| Authors | Hassan Farsi,Sajad Mohamadzadeh |
|---|---|
| Journal | iranian journal of energy and environment |
| Page number | 692-705 |
| Serial number | 16 |
| Volume number | 4 |
| Paper Type | Full Paper |
| Published At | 2025 |
| Journal Type | Typographic |
| Journal Country | Iran, Islamic Republic Of |
| Journal Index | isc |
Abstract
Semantic segmentation plays a crucial role in various computer vision applications, requiring the accurate delineation of objects within an image. This study suggests a new segmentation network that is built on the U-Net architecture and has ResNet-50 as its main part to extract features efficiently at the hierarchical level.

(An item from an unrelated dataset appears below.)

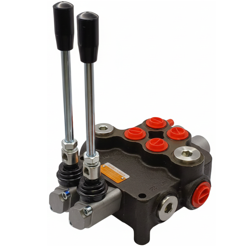 Rozdzielacz hydrauliczny dwusekcyjny o przepływie 80 l/min. Sterowany dźwignią na sprężynie, która automatycznie wraca z pozycji roboczej do neutralnej pozycji startowej. Dźwignią z zatrzaskiem, czyli sama zostaje w pozycji roboczej.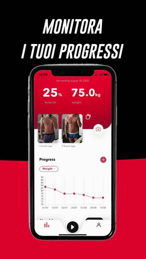 Avrai sempre sotto controllo la tua attività fisica: potrai visualizzare quali esercizi sono previsti nel tuo piano di allenamento, i tuoi progressi e come cambia il tuo fisico nel corso del tempo.

After the encoder, we add an Efficient Channel Attention Atrous Spatial Pyramid Pooling (ECA-ASPP) module to make the representation of features at different scales better. This module combines dilated convolutions with adaptive channel attention to capture long-range dependencies and improve contextual awareness. A Point-wise Spatial Attention (PSA) module is added to the decoder to improve feature maps by dynamically collecting global contextual information while keeping fine-grained spatial details. This is important for reconstructing spatial details. An extensive ablation study on the Stanford Background Dataset demonstrates the effectiveness of the proposed method. The results show that there was a steady improvement across all segmentation categories. The variant that did the best achieved a 78.65% mIoU, which was better than baseline models. Also, when the proposed method is tested on the Cityscapes dataset, it gets an mIoU of 80.46%, which is higher than some of the best methods currently available, like DeepLabV3 and DANet. For better segmentation accuracy, these improvements show how important it is to include adaptive attention mechanisms at both the encoder and decoder levels. The suggested network strikes a good balance between performance and computational efficiency, which means it can be used in real life for tasks that need precise segmentation.